Required action » What are the lines, word for word, from the line with "Sterling Silver Gold-plated" up to and including the line with "Legging, ajouré sur" in the records below? Omit the pictures.

::: Records provided :::

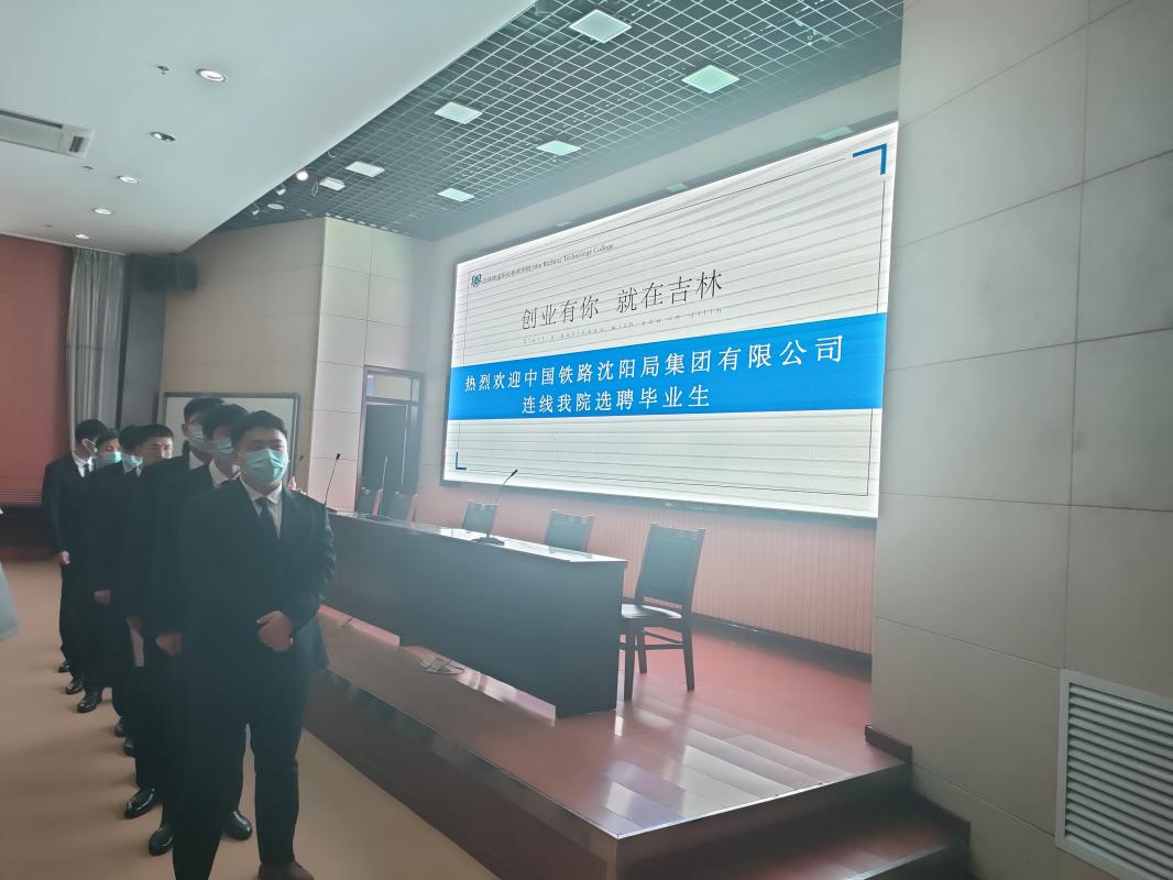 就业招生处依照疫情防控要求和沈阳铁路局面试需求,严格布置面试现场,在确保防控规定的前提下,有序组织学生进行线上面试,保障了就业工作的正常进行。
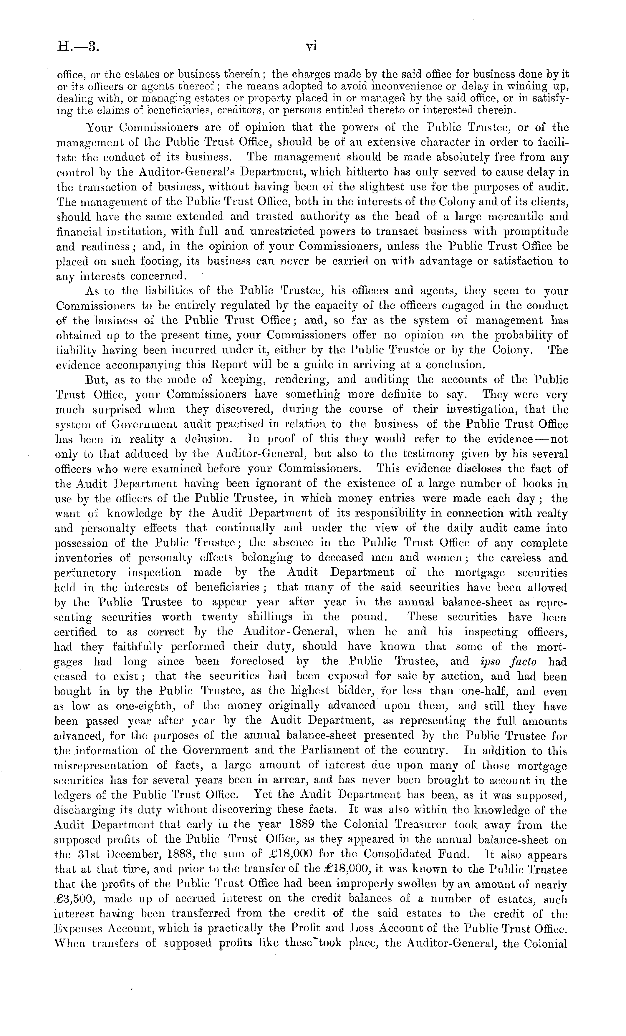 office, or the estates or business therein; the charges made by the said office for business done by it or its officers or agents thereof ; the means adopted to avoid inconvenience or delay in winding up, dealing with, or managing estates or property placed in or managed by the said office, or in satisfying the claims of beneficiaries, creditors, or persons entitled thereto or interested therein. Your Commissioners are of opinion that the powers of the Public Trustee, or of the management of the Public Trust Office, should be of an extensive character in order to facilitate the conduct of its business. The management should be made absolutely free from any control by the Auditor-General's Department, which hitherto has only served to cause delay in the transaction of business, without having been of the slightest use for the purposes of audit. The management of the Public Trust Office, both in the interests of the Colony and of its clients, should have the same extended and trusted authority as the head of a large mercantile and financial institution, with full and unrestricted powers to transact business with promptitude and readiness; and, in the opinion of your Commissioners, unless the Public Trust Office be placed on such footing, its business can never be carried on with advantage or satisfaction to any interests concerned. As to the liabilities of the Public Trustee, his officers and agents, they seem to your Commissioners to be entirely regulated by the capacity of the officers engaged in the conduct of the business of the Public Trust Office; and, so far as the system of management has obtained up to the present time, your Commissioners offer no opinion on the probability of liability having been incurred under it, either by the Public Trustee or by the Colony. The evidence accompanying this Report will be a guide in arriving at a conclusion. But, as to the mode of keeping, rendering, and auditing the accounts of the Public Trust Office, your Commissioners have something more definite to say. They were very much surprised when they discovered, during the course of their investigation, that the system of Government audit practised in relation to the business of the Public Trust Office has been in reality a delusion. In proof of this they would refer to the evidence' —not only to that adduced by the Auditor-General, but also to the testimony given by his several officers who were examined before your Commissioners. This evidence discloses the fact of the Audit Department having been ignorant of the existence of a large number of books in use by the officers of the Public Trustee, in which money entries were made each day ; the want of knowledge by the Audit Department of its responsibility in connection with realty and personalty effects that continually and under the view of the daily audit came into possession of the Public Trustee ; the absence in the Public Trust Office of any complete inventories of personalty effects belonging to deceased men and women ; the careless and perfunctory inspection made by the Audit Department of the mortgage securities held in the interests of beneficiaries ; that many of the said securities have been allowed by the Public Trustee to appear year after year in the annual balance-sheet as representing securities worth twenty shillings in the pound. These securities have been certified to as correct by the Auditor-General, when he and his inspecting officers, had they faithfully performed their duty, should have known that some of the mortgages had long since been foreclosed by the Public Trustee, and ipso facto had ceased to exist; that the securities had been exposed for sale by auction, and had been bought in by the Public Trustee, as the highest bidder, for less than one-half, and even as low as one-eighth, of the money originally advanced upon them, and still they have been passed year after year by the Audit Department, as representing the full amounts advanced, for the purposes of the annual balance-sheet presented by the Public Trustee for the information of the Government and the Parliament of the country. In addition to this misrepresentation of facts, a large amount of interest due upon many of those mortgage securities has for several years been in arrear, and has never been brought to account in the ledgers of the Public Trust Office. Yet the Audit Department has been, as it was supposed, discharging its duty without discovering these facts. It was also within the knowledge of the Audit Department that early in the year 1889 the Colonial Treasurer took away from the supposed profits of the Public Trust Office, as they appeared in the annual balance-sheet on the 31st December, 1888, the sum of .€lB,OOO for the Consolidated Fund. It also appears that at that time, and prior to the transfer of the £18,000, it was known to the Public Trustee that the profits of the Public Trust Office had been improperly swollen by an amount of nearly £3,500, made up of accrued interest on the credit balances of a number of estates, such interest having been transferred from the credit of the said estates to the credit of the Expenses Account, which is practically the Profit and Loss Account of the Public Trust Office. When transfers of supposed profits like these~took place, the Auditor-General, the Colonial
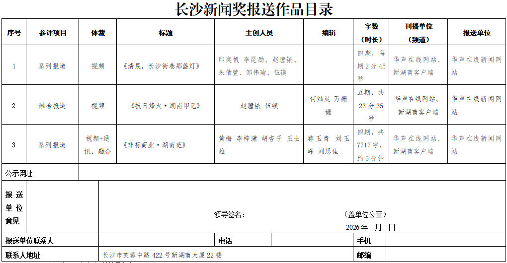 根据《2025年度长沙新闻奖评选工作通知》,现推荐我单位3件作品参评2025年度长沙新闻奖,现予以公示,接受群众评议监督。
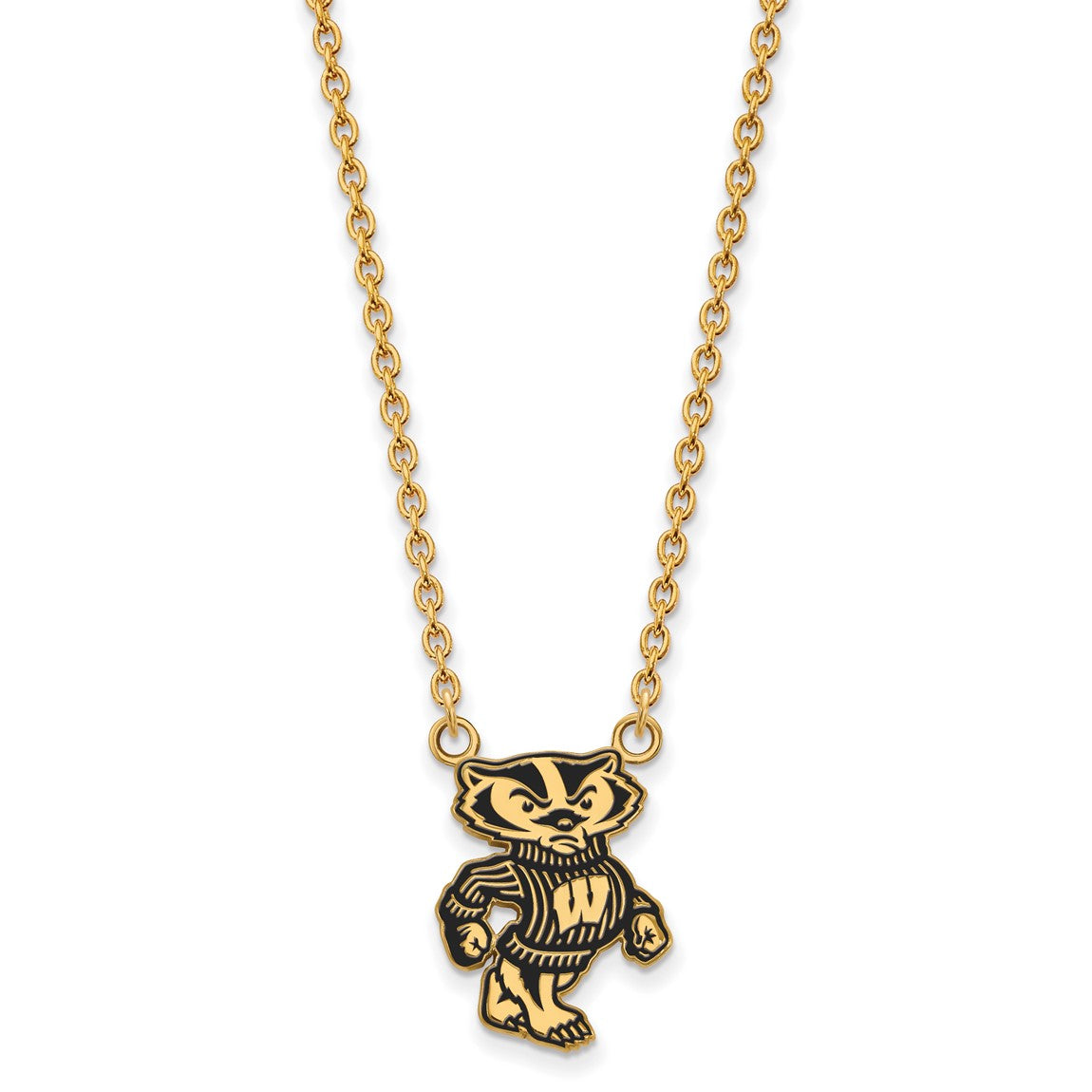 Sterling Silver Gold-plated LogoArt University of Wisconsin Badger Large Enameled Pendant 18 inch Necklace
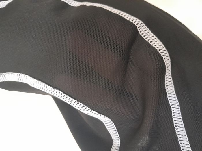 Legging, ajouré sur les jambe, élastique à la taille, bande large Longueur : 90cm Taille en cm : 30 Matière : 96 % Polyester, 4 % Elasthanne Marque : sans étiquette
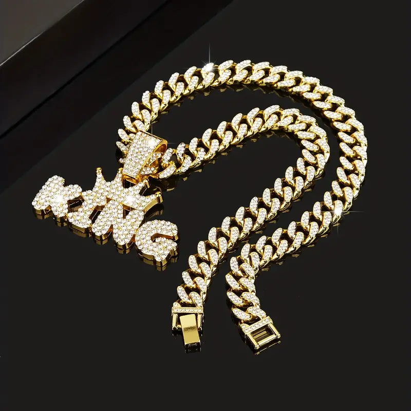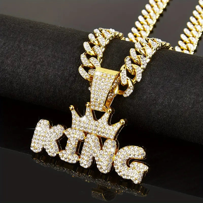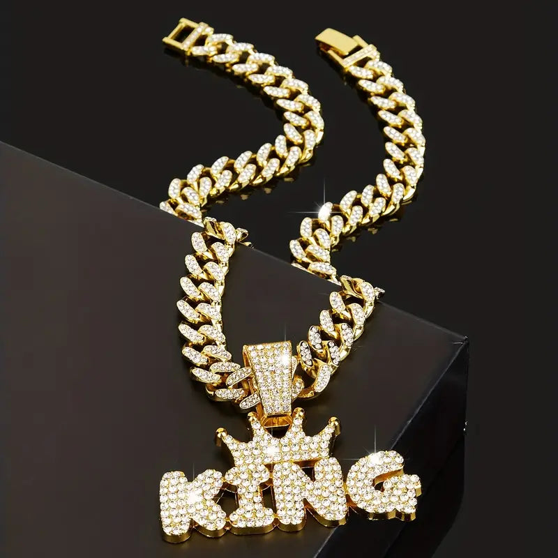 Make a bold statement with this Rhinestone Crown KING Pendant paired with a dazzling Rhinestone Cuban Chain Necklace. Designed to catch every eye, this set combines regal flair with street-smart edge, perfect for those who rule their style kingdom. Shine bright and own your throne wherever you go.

:::

Completed exercise »
 Sterling Silver Gold-plated LogoArt University of Wisconsin Badger Large Enameled Pendant 18 inch Necklace
 Legging, ajouré sur les jambe, élastique à la taille, bande large Longueur : 90cm Taille en cm : 30 Matière : 96 % Polyester, 4 % Elasthanne Marque : sans étiquette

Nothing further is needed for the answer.